This is a healthy snack cake recipe that was created and suitable for diabetics or anyone looking to keep their heart healthy and happy. It’s moist and deliciously chocolaty with a lighter touch of coffee. The bittersweet (or other dark) chocolate is far more better for you than milk chocolate and has, in fact, good health properties of it’s own.
SERVES: 4
INGREDIENTS:
- 1/2 cup whole wheat flour
- 1 tablespoon whole wheat flour
- 5/8 cup quick-cooking oat
- 2 tablespoons toasted wheat germ
- 2 tablespoons Splenda sugar substitute
- 1 Tablespoon Splenda brown sugar
- 1 tablespoon unsweetened cocoa powder
- 1/2 teaspoon baking soda
- 1/2 teaspoon baking powder
- 1/2 teaspoon cinnamon
- 1/8 teaspoon ground ginger
- 1/8 teaspoon salt
- 2 tablespoons dry buttermilk powder
- 1 tablespoon canola oil
- 2 tablespoons unsweetened applesauce
- 1 teaspoon vanilla extract
- 2 Tablespoons egg white
- 1/4 cup strong coffee
- 1/2 cup boiling water
- 1 ounce bittersweet chocolate chips
DIRECTIONS:
- Preheat oven to 350 degrees.
- Combine dry ingredients in a large bowl.

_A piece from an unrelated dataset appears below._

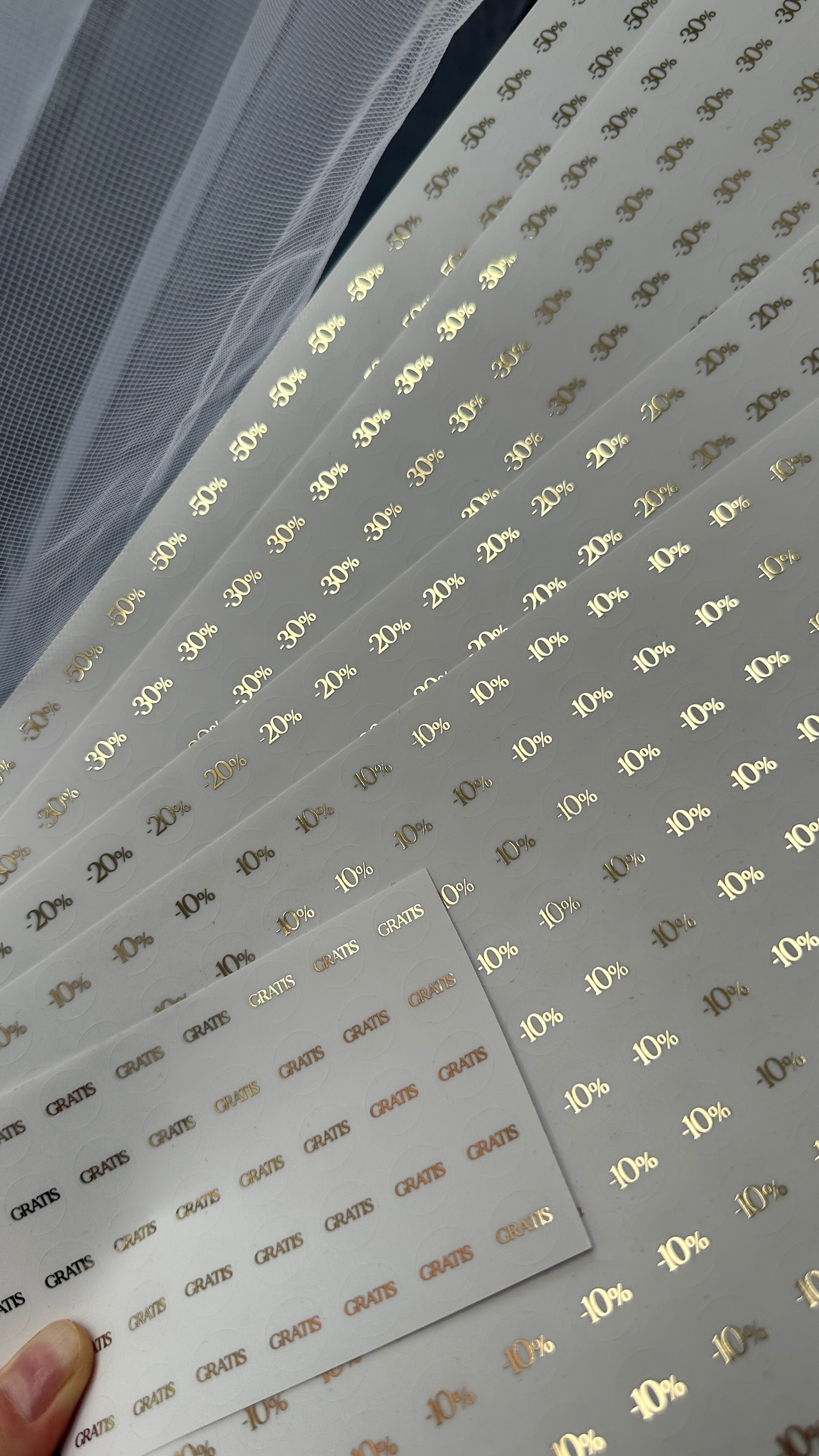 Naklejki rabatowe -10%, -20%, -30%, -50%, GRATIS - 250 sztuk.

- In a separate bowl, whisk egg, oil, vanilla, applesauce, and gently add to dry ingredients.
- Add hot coffee and boiling water, mix until just blended, and let stand for about 10 minutes.
- Add chocolate chips.
- Divide batter among 4 greased mini loaf pans with parchment paper covering the bottoms.
- Bake for 18-20 minutes.
GARNISH:
Cool Whip Free (optional)
Fresh strawberries, blueberries, raspberries or sliced banana (optional).